Conçue en France comme un métier, un loisir ou plus rarement un art, la photographie se trouve érigée en fait culturel majeur en moins d’une génération. Alors que le reportage s’était imposé comme son grand repère, elle ne trouve désormais plus dans la presse son seul lieu d’expression. La photographie en France connaît une métamorphose.
Ce sera désormais l’aventure des auteurs, et la quête de modèles plus littéraires et artistiques – ce qui n’empêche pas l’engagement social ou politique. La photographie aspire dès lors à devenir un moyen d’expression à part entière. Après la page du journal, c’est la cimaise du musée ou la page du livre d’artiste, qui forge sa légitimité.
Pour relever le défi de la création, les photographes français réinventent l’idée même de photographie, changent de format comme de sujet.

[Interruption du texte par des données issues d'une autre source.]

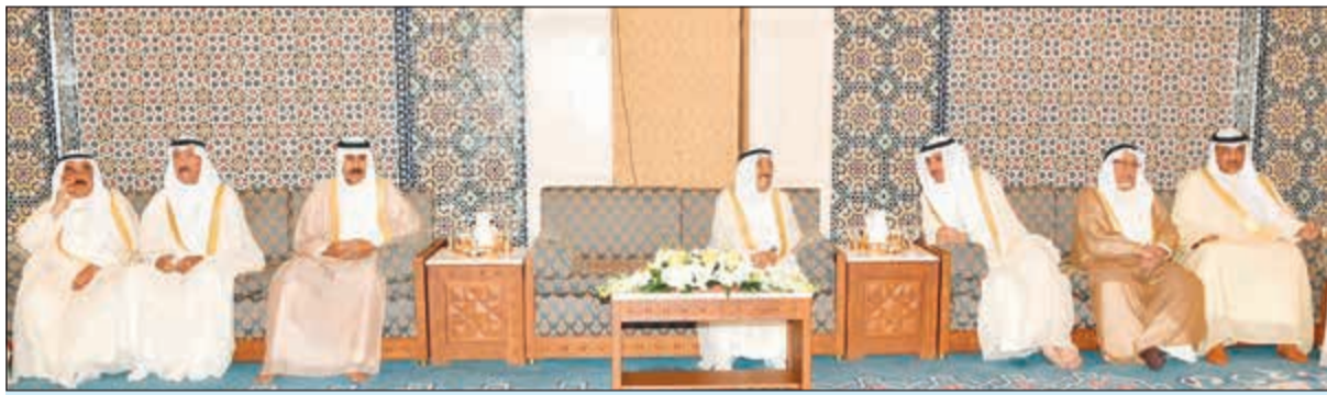
صاحب السمو الأمير الشيخ صباح الأحمد وسمو ولي العهد الشيخ نواف الأحمد ورئيس مجلس الأمة مرزوق الغانم والشيخ جابر العبدالله والشيخ فيصل السعود والشيخ علي الجراح والشيخ صباح الخالد

علمت «الأبناء» انه تم تكليف ديوان الخدمة المدنية بتنفيذ الأحكام القضائية الصادرة من المحكمة الإدارية بإلغاء قرارات الحكومة بإحالة بعض القياديين إلى التقاعد. وقالت مصادر مطلعة في تصريحات خاصة لـ «الأبناء» ان التعليمات الحكومية الصادرة إلى ديوان الخدمة المدنية نصت على تنفيذ الأحكام وإعادة القياديين المشمولين بها إلى أعمالهم. وأضافت ان تنفيذ الأحكام يتم بالمسميات نفسها التي كان القياديون يحملونها قبل الإحالة إلى التقاعد، وإصدار تعليمات بصرف الرواتب ذاتها، مع ملاحظة ان الإعادة إلى العمل ستتم من دون إسناد الصلاحيات التي كانوا يتمتعون بها قبل الإحالة إلى التقاعد والتي كلف بها قياديون آخرون. وأشارت المصادر إلى ان تنفيذ الأحكام يتم بعد نفاذ آخر درجة للتقاضى تدافع خلالها الحكومة عن قراراتها وإذا خسرتها فإنها لا تتوانى في تنفيذ الحكم.

Le modèle de la photographie américaine s’impose, comme dans la musique ou le cinéma. Mais cette « influence » rencontre un milieu de la photographie en pleine réflexion. Ce que l’on appellera plus tard la « french théorie » (philosophie, sciences humaines et du langage) enrichit les débats et inspire les photographes. Entre la fin des années 1960 et celle des années 1980 – symboliquement entre deux moments historiques, Mai 68 et la chute du mur de Berlin –, la photographie ne ressemble plus à celle, dite « humaniste », que l’on voyait jusqu’alors en France. À la fois plus subjectives et plus intellectuelles, les années 1970-1980 sont celles d’une génération qui voit l’entrée de la photographie dans l’art contemporain. Les formats explosent, la couleur s’impose, l’esthétique devient la préoccupation première. Les institutions naissent, à l’instar du Centre national de la photographie : celle-ci a conquis son autonomie, au même titre que le théâtre, la littérature ou le cinéma. Mais elle reste le grand médium du réel. Les photographes mènent une action déterminée
pour représenter un pays qui sort peu à peu des Trente Glorieuses et affronte le temps des crises économiques.
À cette époque où la photographie doit gagner sa légitimité, chaque œuvre devient un manifeste: plus qu’une image, la photographie est devenue une culture.